Так что вскоре оказался я, молодой человек, не только без имущества, но и без всякой крыши над головой. Вернее, крыша-то вот она, есть…
Павел Петрович привстал с деревянного ящика, который служил ему стулом, и потрогал рукой железный скат крыши, словно хотел лишний раз убедиться, что какая-никакая крыша пока еще есть над его головой. Затем он приоткрыл дверцу аптечного ящичка, прикрепленного к балке, заглянул туда, пощупал что-то в глубине его, захлопнул дверку, присел на сиденье и надолго задумался. Слышно стало, как тихонько посвистывает на улице ветер и дребезжит фанерка, вставленная в форточку слухового чердачного оконца.

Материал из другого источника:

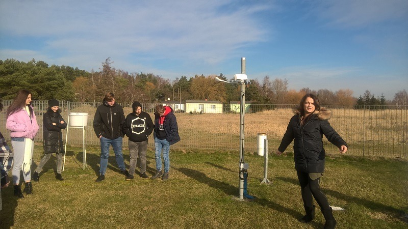 W ogródku meteorologicznym uczniowie zobaczyli przyrządy i urządzenia do pomiaru temperatury i wilgotności powietrza, ciśnienia, nasłonecznienia, ilości opadów, prędkości i kierunku wiatru. Prowadząca zajęcia bardzo szczegółowo omówiła budowę oraz zasady działania tych przyrządów m.in.: klatkę meteorologiczną, deszczomierz, poletko z termometrami gruntowymi, anemometr. Natomiast w biurze stacji uczniowie mogli zaobserwować jak powstaje depesza meteorologiczna.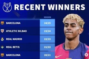 德转列近10年国王杯冠军:巴萨5次登顶,皇马仅在2023年夺冠

— Ас другой стороны, братцы вы мои, жалко мне ее!.. — выкрикнул вдруг горестным фальцетом Павел Петрович и обвел глазами незримых слушателей. — Вот вспоминаю, как все было у нас, как перекосилось все, насмарку пошло, — жалко… И не того жалко, что жизнь насмарку, что вытеснил и ее через неделю Глеб Павлинович из нашей квартиры на улицу. Это, положим, все равно, тут уж судьба такая… А вот ее саму жалко до слез, как вспомню… Как вам это объяснить, молодой человек? Ну, вот какого-нибудь сильного героя — Тараса Бульбу какого-нибудь или, положим, Щорса — замучают враги до смерти, так их не жалко, сильных героев-то… А она на рынке свеклу покупает, торгуется, в кошелечке роется — жалко, глядеть нельзя!.. Уж так-то жалко…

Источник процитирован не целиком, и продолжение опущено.